Sta bussando il tuo destino, di assassino di assassini. “Il Corvo”, opera d’arte creata da James O’Barr tra il 1981 e il 1989, è un fumetto di singolare bellezza e di tetro fascino. La storia narrata vive in un presente di sangue e in un passato solare spezzato dalla violenza; il contrasto tra due tempi è il contrasto tra i due mondi che il protagonista, Eric, è costretto a vivere.

La sua compagna, Shelly, è stata assassinata da un gruppo di teppisti circa un anno prima; lui stesso è stato massacrato, ed è rimasto a terra nello scontro. È avvenuto un cortocircuito, nella vita di Eric: noi non sappiamo cosa sia avvenuto durante l’anno intercorso tra la tragica morte della sua compagna e il nuovo ritorno di Eric. Qualche indizio porta a credere che Eric sia morto, e che sia tornato a vendicare quelle morti ingiuste con la protezione dell’unico testimone degli omicidi, un corvo (antico guardiano dell’aldilà, antico traghettatore di anime); altri indizi, suggestivi e sinistri, convincono il lettore che Eric non sia morto, e sia sopravvissuto alle ferite; che, per dolore e rabbia e disperazione, abbia acquisito dei poteri.

Quel che accade nella storia è presto raccontato; Eric torna da “un altro mondo” per farsi giustizia, e va a cercare, uno ad uno, gli assassini della sua donna. Inizia a fare terra bruciata attorno a loro; li terrorizza; infine li aggredisce, e – lentamente – li uccide. Più nemici uccide, più il dolore per l’amore perduto lo lacera e lo indebolisce; i ricordi dei giorni trascorsi con Shelly lo corrodono e lo abbattono. Esiste forse un amore più grande della morte; un sentimento che sappia andare “oltre”; se quel che i due sentivano, uno per l’altra, era autentico, lui non può che superare gli antichi limiti degli uomini, e tornare per vendicare e uccidere chi ha ucciso, e attendere d’esserle così ricongiunto.
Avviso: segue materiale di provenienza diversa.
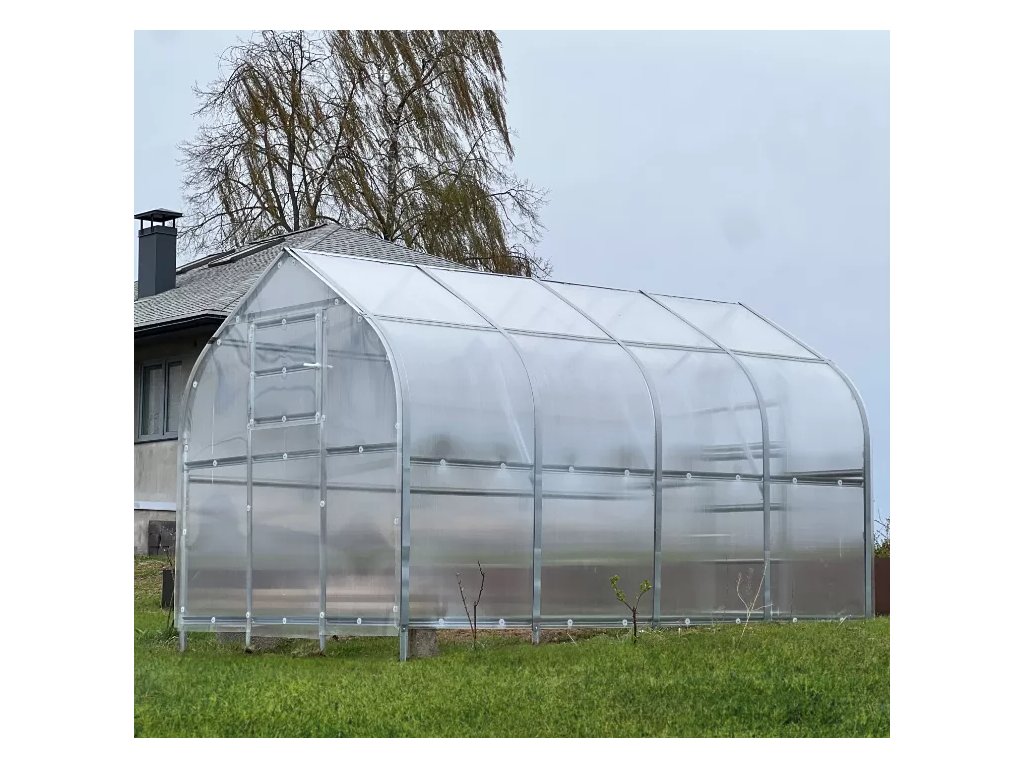 Zahradní skleník LEGI ONION R 4 x 2,5 m, 4 mm (Oblouková konstrukce) – konstrukce z ocel - pozinkované profily (síla profilu 1 mm) v barvě stříbrná.

È una storia gotica, è una storia d’amore, è una storia di spettri e una storia grandguignolesca; è allegoria della naturale ripugnanza degli esseri umani per la morte, e rappresentazione del desiderio di valicarne e violarne i limiti e i confini; è un fumetto dallo stile cupo e – per noi lettori italiani – dalla sensibilità affine a Dylan Dog; non siamo testimoni d’una violenza insensata, assistiamo a delle violenze atroci, ma (condivisibili?) motivate. È una storia fondamentalmente romantica; un grido d’amore e un inno ai sentimenti; è dolce il canto di Eric e Shelly, e amaro il rimpianto per quel che hanno perduto. La storia emoziona, seduce, rattrista e commuove; è amore puro, in arte.

Il film tratto dal fumetto ha avuto grande fortuna, qualche anno fa; al punto tale che, ovviamente, non sono mancati sguaiati e grossolani sequel a quello che doveva essere un capitolo unico. “Il Corvo” doveva rimanere invece un film unico: soprattutto, io credo, per rispettare la tragica sorte occorsa all’attore protagonista, Brandon Lee. Tragica davvero la sorte del Corvo: James O’Barr iniziò a scriverne la storia nel 1981, dopo essersi arruolato nell’esercito per dimenticare la morte della propria futura moglie, investita da un pirata della strada poi fuggito; Brandon Lee è stato ucciso, sul set,  a pochi giorni dal termine delle riprese; stava per sposarsi. “Il Corvo” è una storia di morte e amore, e qualcuno dal momento del terribile epilogo dell’esistenza di Brandon Lee ha voluto parlare di maledizione, registrando le tetre analogie tra le vite dei creatori del personaggio; di fronte alla morte, chi scrive preferisce non dir niente, e soprattutto non parlare di destino. Quoth the Raven: «Nevermore»”.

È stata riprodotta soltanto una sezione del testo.